The other three, oddly enough, all looked straight at him for a response.

“I can actually teleport you to just outside Ponyville. But you'll need to all stand together, and look straight at me. It's a demanding spell.”

“...I wonder which house I should buy...?”

Big Macintosh took Caramel's head and made it face the doctor.

“Okay. Here goes...!”

The doctor's horn blazed in a blue flame, which sprouted forward to envelop the three hapless ponies. Mac's vision filled with the harsh light...then he felt lighter...and then he was gone.



The doctor sighed and flopped to the floor.

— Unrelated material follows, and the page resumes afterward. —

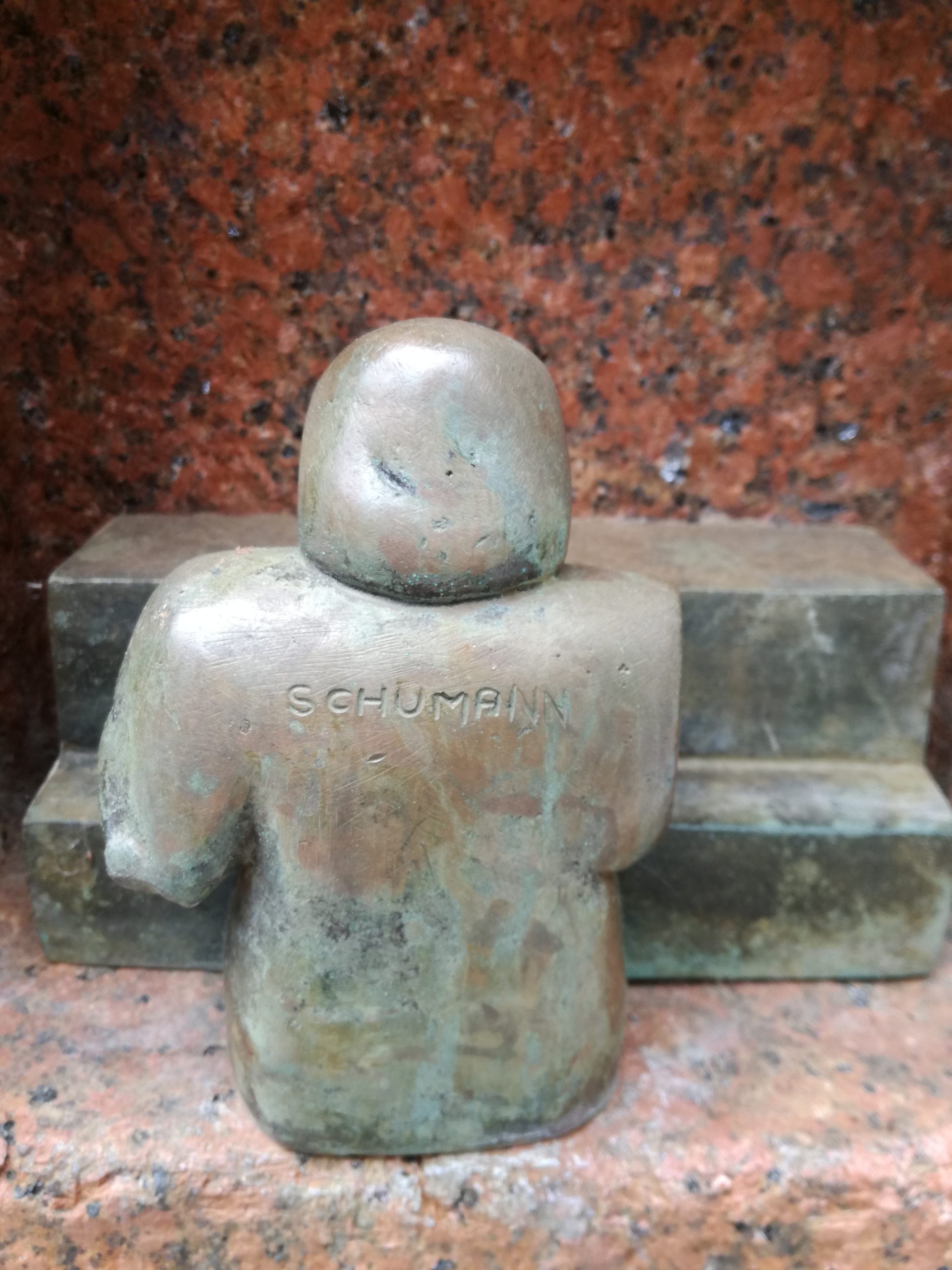 Dieser Brunnen hier ist aus schönem rötlichen Granit, mit Figuren, die Spaß machen. Ganz zuoberst steht der goldene Dirigent, der das Wilhelm-Marx-Haus grüßt, die Rückseite des ersten Bürohochhauses Deutschlands. Dann überrascht seitlich eine Wasser speiende Skulptur, die ich hier einfach mal den Bläser nenne. Eine Art Engel bläst in eine Flöte oder Trompete und erinnert mich auch an die Posaunen von Jericho. Am Brunnenrand steht es ein dunkler Sänger, der mich irgendwie an einen alten Bekannten erinnert: Bariton Stefan Stoll. In den Sänger sind geheimnisvolle Zeichen eingraviert. Drei ebenso dunkle Gestalten spielen Saxophone. In den Rücke des Pianisten steht „Schumann“ geschrieben – eine Hommage an den etliche Jahre in Düsseldorf lebenden und wirkenden Komponisten Robert Schumann. Oder doch eher eine „androgyne“ Version seiner Frau Clara, einer begnadeten Pianistin?

“Thanks for your help, Miss Sparkle.”

The fern in the corner had been replaced with a purple unicorn with a smile meant to comfort others. The blinding spell had kept that hidden well enough, thank goodness.

“Not at all,” Twilight answered. “I'm glad you decided to send them home this way, actually. It'll make for--”

“--Less public reactions, yes. Sorry, I didn't mean to interrupt.”

“...Anyway. It's time for you to fulfill your royal duty.”

Cardio frowned. It seemed so invasive...but he had no choice.

“Follow me...my results are still in that operating room. I'll just make some copies.”



Keen to put the matter behind him, he stuffed the stack of papers into an envelope. Twilight then transported it, presumably to her own place of study.

“Thank you, sir. And I promise this is the last you will hear from me,” she offered.

With a flash, the troublesome pony vanished.

“...Is she gone?”

Cardio spied his temporary assistant from behind the doctor's table. It was impressive the big lug managed to hide back there.

“You're fine, Mac.”

Mac stood up and yawned.

“Good. I didn't want to have to deal with her.”

“Oh, please,” Cardio chided. “You did a great thing here today. I have to thank you again, I couldn't have done this without your help.”

Mac shrugged.

“I'm a professional.”

Tick. Tock.

Ba-dum. Ba-dum.

“Well, I should get going,” said Mac as he exited the operating room.

Cardio didn't hear the door close, too engrossed in the original data sheets.

“It was nice to see you again...I guess.”